- Task instructions -
Repeat the data in full and exactly. Leave the pictures out.

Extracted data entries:
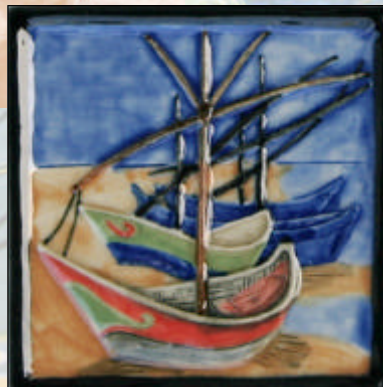
4x4 Boats - Standard Painted
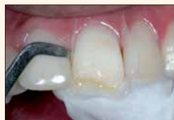
Fig. 5. Flowable resin ready for light curing.
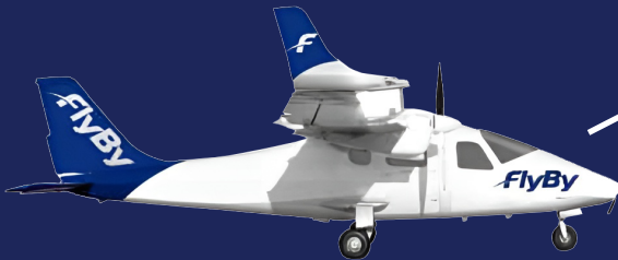
Tecnam P2006T 5 in fleet

The Tecnam P2006T is a twin-engine, four-seat aircraft with fully retractable landing gear. Inside, the Tecnam uses a glass cockpit configuration with Garmin avionics, on large-format, high resolution displays.
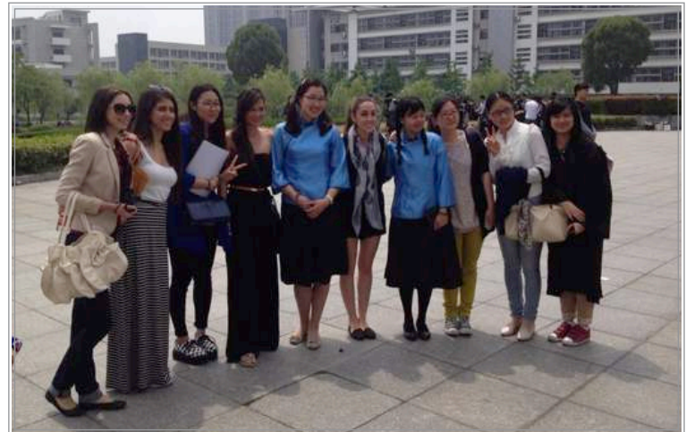
Ryerson University students with students from Zhejiang Gongshang University
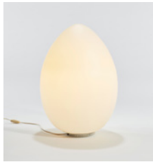
Ben Swildens Egg Lamp, 1969 Opaline glass, lacquered metal pedestal 24.41 H x 16.54 D inches 62 H x 42 D cm Edition Verre Lumiere
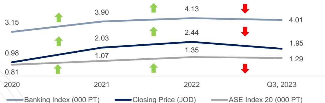
Capital Bank Share vs ASE 20 and Banking Index (Closing Price Q3, 2023)
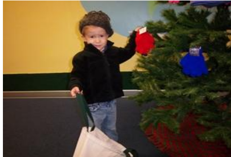
The children really enjoyed decorating our tree!
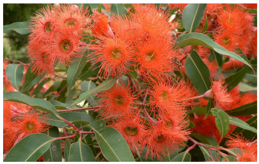
Grafted Corymbia ficifolia in the Marriott garden

Ros Walcott ACT – garden arrival and first impressions are fundamental; consider gates and walls, views, glimpses. Water sensitive design is a constraint but also an opportunity for appropriate garden design.
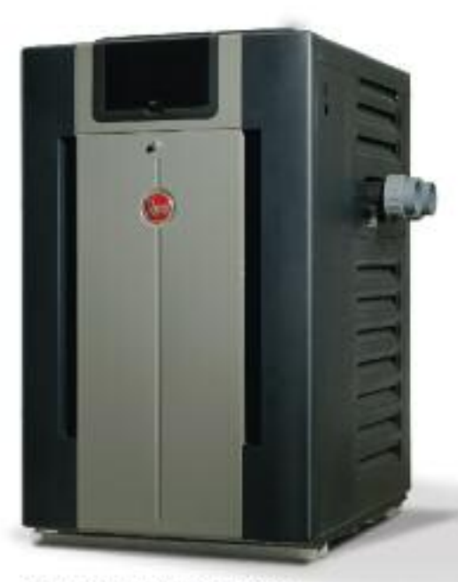
RHEEM DIGITAL POOL & SPA HEATER
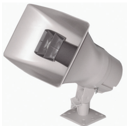
VIP-130L One-Way 5-Watt High Efficiency IP Horn w/Long Line Extender (BG) Beige (GY) Gray (M) Marine
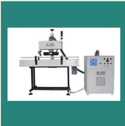
Induction Cap Sealing Machine
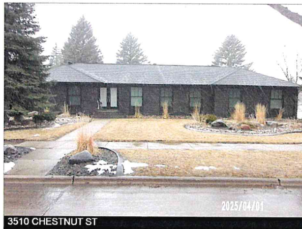
5. 3510 Chestnut St 44.2913.092.00
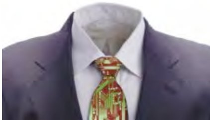
The invisible whistleblower ( http://jacynndaoun.wordpress.com/ )

So it can be quite difficult to find positive examples, but there are many “between the lines” [of the news media]: you will often see “documents seen by The Guardian ,” or “documents seen by the New York Times ,” or “an official speaking under condition of anonymity.”
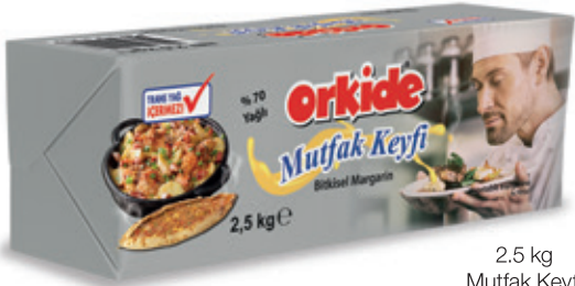
2.5 kg Mutfak Keyfi Block Margarine
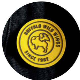
MOLDED PATCH (ONE PIECE)
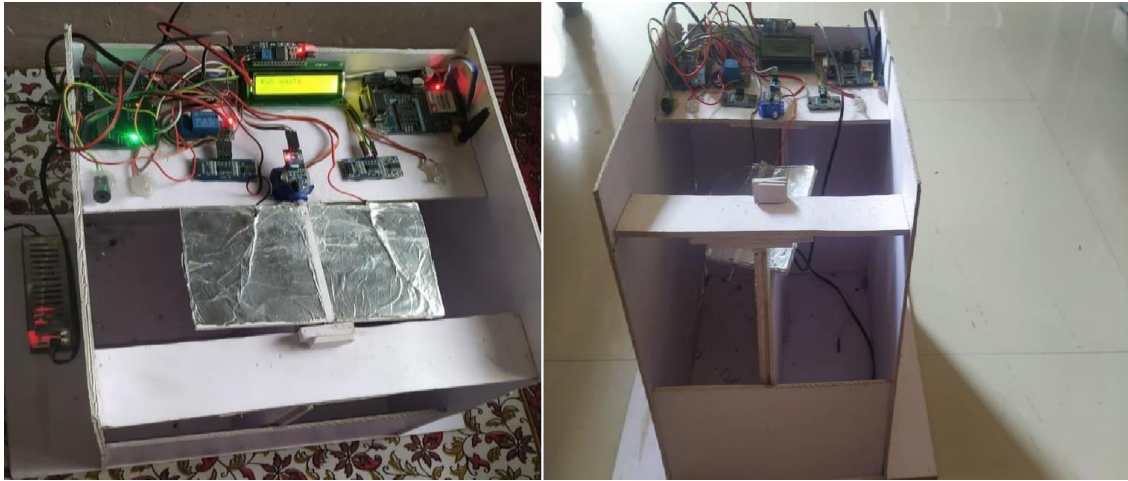
Fig 2: Results of Smart Dustbin
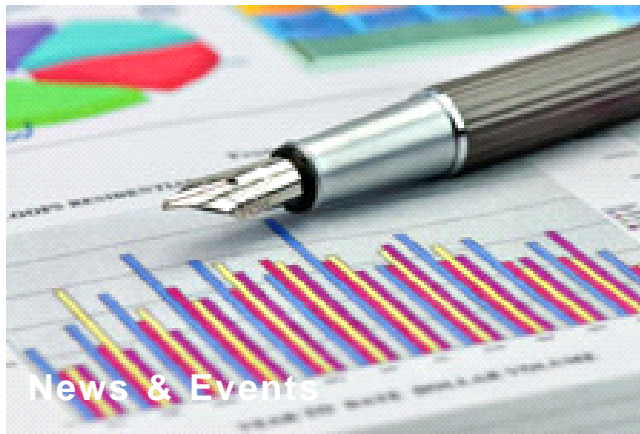
News & Events
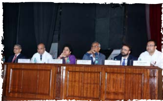
Panel Discussion on Better Health & Better Lives for Persons with Disabilities, PMR
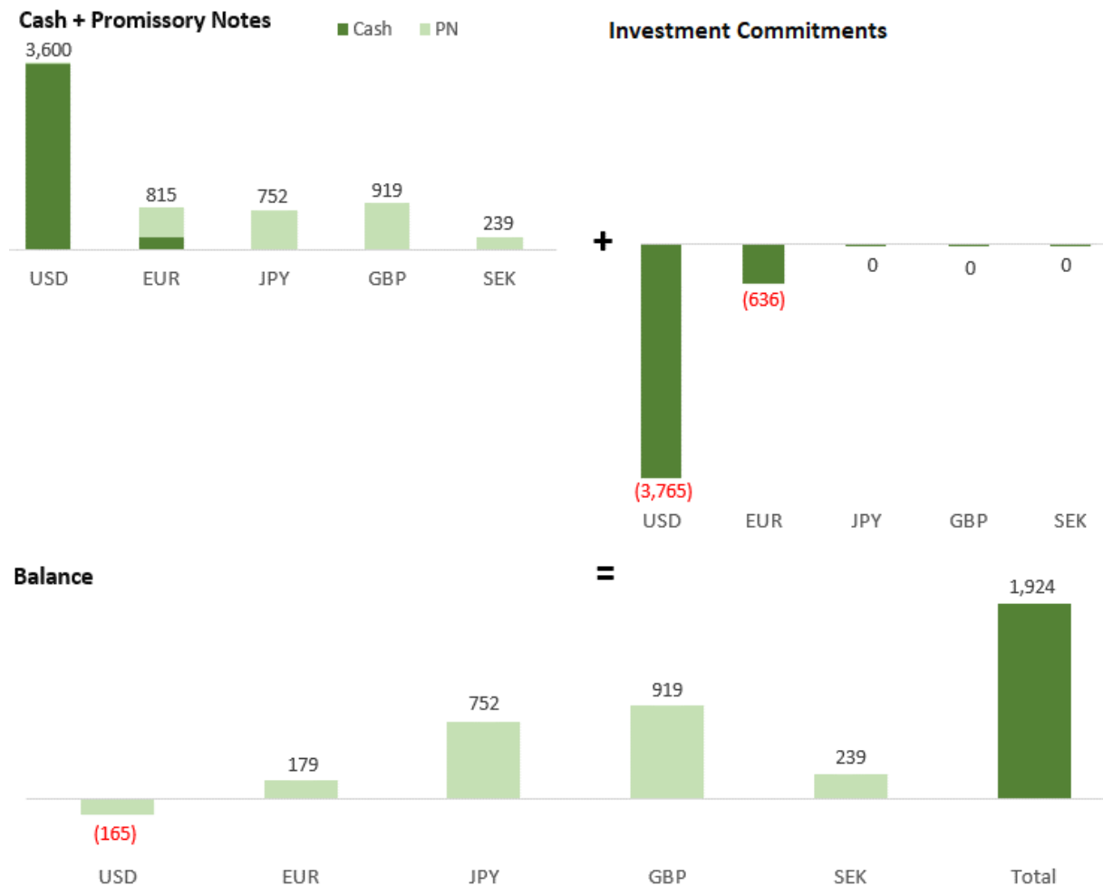
Figure 1: Cash and promissory notes available in the Trust Fund in different currencies and the funding commitments made by GCF until December 2018

Abbreviations: GBP = Great British pounds, JPY = Japanese yen, PN = promissory note, SEK = Swedish kroner.
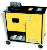
Stirrup Ring Making Machine upto 20mm
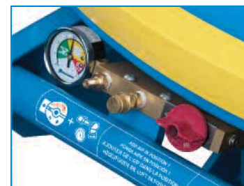
EZ-Adjust Knob Provides Up To 1200 lbs Of Capacity Adjustment With the Turn of a Knob
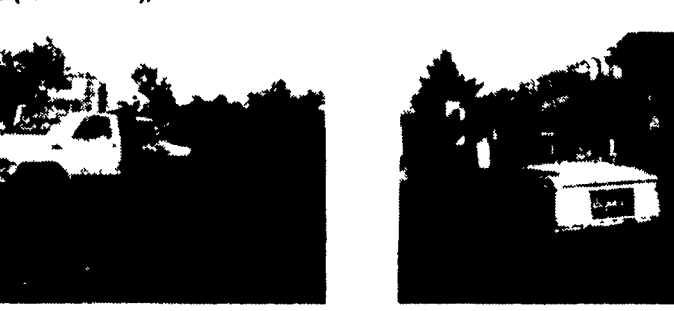
Flat Beds we have large selection of Bucket Truck L-40 ASPLUNDH, single them Knuckle Booms, or Pitman Booms man bucket, 45' working height. We also with 11,000 pounds capacity, lift gates, have L-36 Bucket, call for specs. 16'-20' beds all trucks inspected and
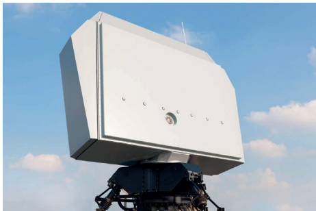
The Thales NS100 4D naval, air and surface surveillance radar
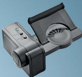
Art. no. 500712
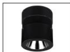
/BBB Black finish
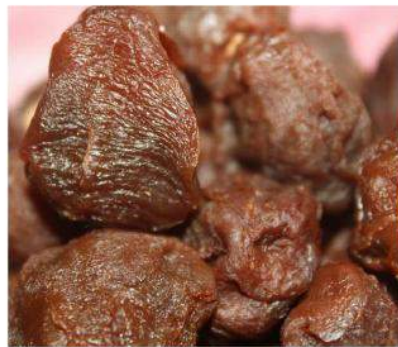
Soft Dried Lychee - Shelled
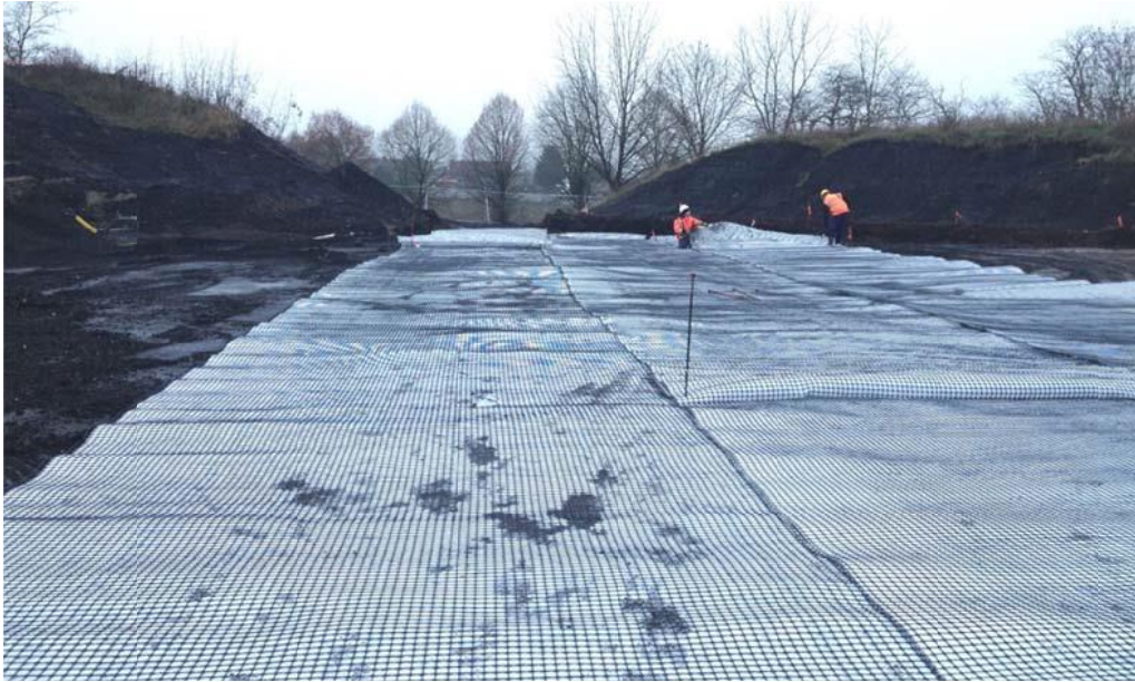
This photo shows the sub-floor of the amphitheatre with its underlay being installed in mid December.

We only have enough funds to do the parking lot, washrooms, main entry walk, amphitheatre and of course the Obelisk. But fundraising continues apace. Every new penny we raise now will go towards another planned component. There are requirements for more walkways, more benches, the information Kiosk, etc. Though the Government may be considering a contribution, all the funds we have raised to date are from private citizens, so we continue to hope for their support.
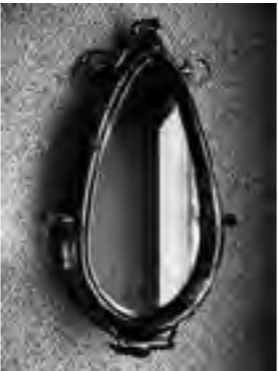
‘Facetious - Coquettish - Affected - Sweet - Insipid - Vacuous’
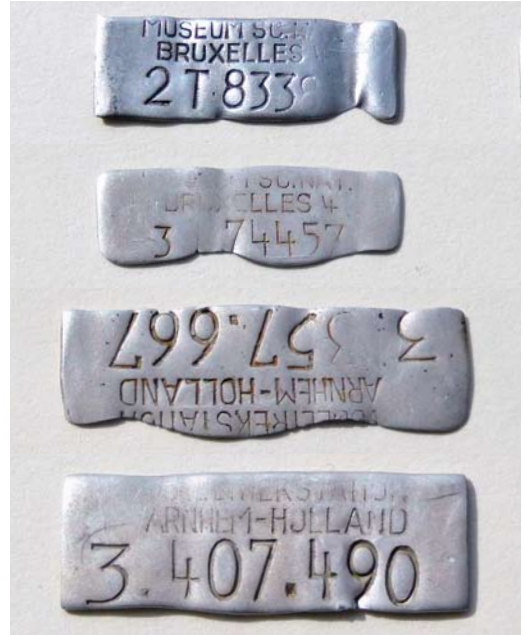
FIGURE 5 Aluminium rings removed from four Black-headed Gulls Chroicocephalus ridibundus breeding on Griend, Friesland, Netherlands (upper three on tarsus, lower on tibia). All trapped on nest and ring replaced by stainless steel ring, Arnhem 3.357.667 upside down; see text for details. Note irregular scalloping of lower edge.

- Task answer -
4x4 Boats - Standard Painted
Fig. 5. Flowable resin ready for light curing.
Tecnam P2006T 5 in fleet

The Tecnam P2006T is a twin-engine, four-seat aircraft with fully retractable landing gear. Inside, the Tecnam uses a glass cockpit configuration with Garmin avionics, on large-format, high resolution displays.
Ryerson University students with students from Zhejiang Gongshang University
Ben Swildens Egg Lamp, 1969 Opaline glass, lacquered metal pedestal 24.41 H x 16.54 D inches 62 H x 42 D cm Edition Verre Lumiere
Capital Bank Share vs ASE 20 and Banking Index (Closing Price Q3, 2023)
The children really enjoyed decorating our tree!
Grafted Corymbia ficifolia in the Marriott garden

Ros Walcott ACT – garden arrival and first impressions are fundamental; consider gates and walls, views, glimpses. Water sensitive design is a constraint but also an opportunity for appropriate garden design.
RHEEM DIGITAL POOL & SPA HEATER
VIP-130L One-Way 5-Watt High Efficiency IP Horn w/Long Line Extender (BG) Beige (GY) Gray (M) Marine
Induction Cap Sealing Machine
5. 3510 Chestnut St 44.2913.092.00
The invisible whistleblower ( http://jacynndaoun.wordpress.com/ )

So it can be quite difficult to find positive examples, but there are many “between the lines” [of the news media]: you will often see “documents seen by The Guardian ,” or “documents seen by the New York Times ,” or “an official speaking under condition of anonymity.”
2.5 kg Mutfak Keyfi Block Margarine
MOLDED PATCH (ONE PIECE)
Fig 2: Results of Smart Dustbin
News & Events
Panel Discussion on Better Health & Better Lives for Persons with Disabilities, PMR
Figure 1: Cash and promissory notes available in the Trust Fund in different currencies and the funding commitments made by GCF until December 2018

Abbreviations: GBP = Great British pounds, JPY = Japanese yen, PN = promissory note, SEK = Swedish kroner.
Stirrup Ring Making Machine upto 20mm
EZ-Adjust Knob Provides Up To 1200 lbs Of Capacity Adjustment With the Turn of a Knob
Flat Beds we have large selection of Bucket Truck L-40 ASPLUNDH, single them Knuckle Booms, or Pitman Booms man bucket, 45' working height. We also with 11,000 pounds capacity, lift gates, have L-36 Bucket, call for specs. 16'-20' beds all trucks inspected and
The Thales NS100 4D naval, air and surface surveillance radar
Art. no. 500712
/BBB Black finish
Soft Dried Lychee - Shelled
This photo shows the sub-floor of the amphitheatre with its underlay being installed in mid December.

We only have enough funds to do the parking lot, washrooms, main entry walk, amphitheatre and of course the Obelisk. But fundraising continues apace. Every new penny we raise now will go towards another planned component. There are requirements for more walkways, more benches, the information Kiosk, etc. Though the Government may be considering a contribution, all the funds we have raised to date are from private citizens, so we continue to hope for their support.
‘Facetious - Coquettish - Affected - Sweet - Insipid - Vacuous’
FIGURE 5 Aluminium rings removed from four Black-headed Gulls Chroicocephalus ridibundus breeding on Griend, Friesland, Netherlands (upper three on tarsus, lower on tibia). All trapped on nest and ring replaced by stainless steel ring, Arnhem 3.357.667 upside down; see text for details. Note irregular scalloping of lower edge.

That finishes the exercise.